> [Directions for this task]: Print the listing below again, exactly. Skip the pictures.

> [Information supplied]:

○ ○ ○ ○ ○ ○ ○

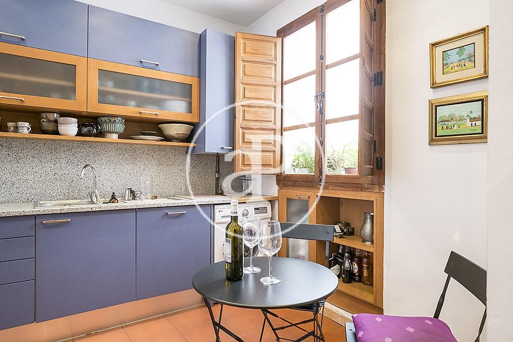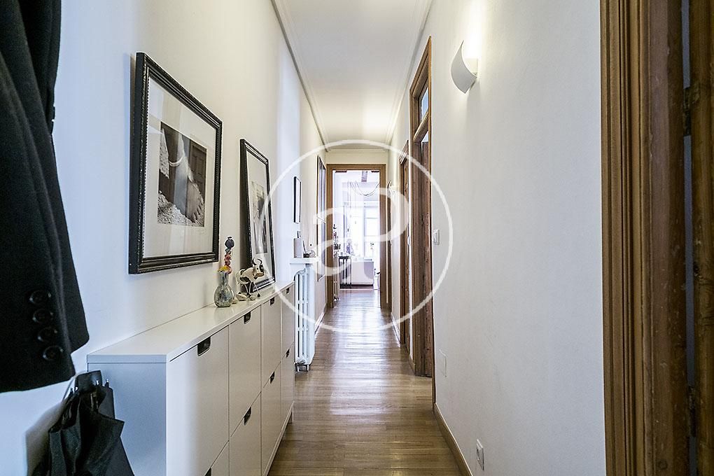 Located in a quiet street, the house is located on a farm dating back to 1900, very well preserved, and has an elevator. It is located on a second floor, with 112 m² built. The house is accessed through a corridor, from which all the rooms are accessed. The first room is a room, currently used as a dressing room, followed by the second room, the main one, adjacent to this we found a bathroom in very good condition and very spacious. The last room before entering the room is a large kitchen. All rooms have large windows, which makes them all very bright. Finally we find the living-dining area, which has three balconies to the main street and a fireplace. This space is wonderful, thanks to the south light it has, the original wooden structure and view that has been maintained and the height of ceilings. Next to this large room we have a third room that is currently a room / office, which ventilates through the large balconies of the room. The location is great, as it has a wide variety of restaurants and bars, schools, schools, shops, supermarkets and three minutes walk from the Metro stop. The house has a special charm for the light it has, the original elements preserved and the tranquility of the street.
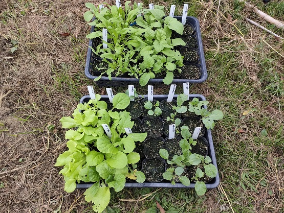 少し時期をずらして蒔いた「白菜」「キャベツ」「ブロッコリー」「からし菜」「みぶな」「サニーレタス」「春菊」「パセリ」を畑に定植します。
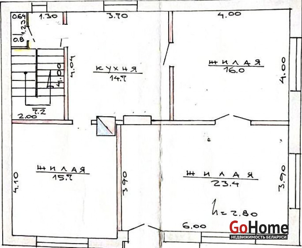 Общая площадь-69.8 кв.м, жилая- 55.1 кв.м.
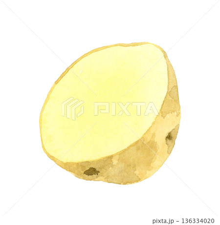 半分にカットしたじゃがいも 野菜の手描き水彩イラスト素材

○ ○ ○ ○ ○ ○ ○

> [Answer to the exercise]:
 Located in a quiet street, the house is located on a farm dating back to 1900, very well preserved, and has an elevator. It is located on a second floor, with 112 m² built. The house is accessed through a corridor, from which all the rooms are accessed. The first room is a room, currently used as a dressing room, followed by the second room, the main one, adjacent to this we found a bathroom in very good condition and very spacious. The last room before entering the room is a large kitchen. All rooms have large windows, which makes them all very bright. Finally we find the living-dining area, which has three balconies to the main street and a fireplace. This space is wonderful, thanks to the south light it has, the original wooden structure and view that has been maintained and the height of ceilings. Next to this large room we have a third room that is currently a room / office, which ventilates through the large balconies of the room. The location is great, as it has a wide variety of restaurants and bars, schools, schools, shops, supermarkets and three minutes walk from the Metro stop. The house has a special charm for the light it has, the original elements preserved and the tranquility of the street.
 少し時期をずらして蒔いた「白菜」「キャベツ」「ブロッコリー」「からし菜」「みぶな」「サニーレタス」「春菊」「パセリ」を畑に定植します。
 Общая площадь-69.8 кв.м, жилая- 55.1 кв.м.
 半分にカットしたじゃがいも 野菜の手描き水彩イラスト素材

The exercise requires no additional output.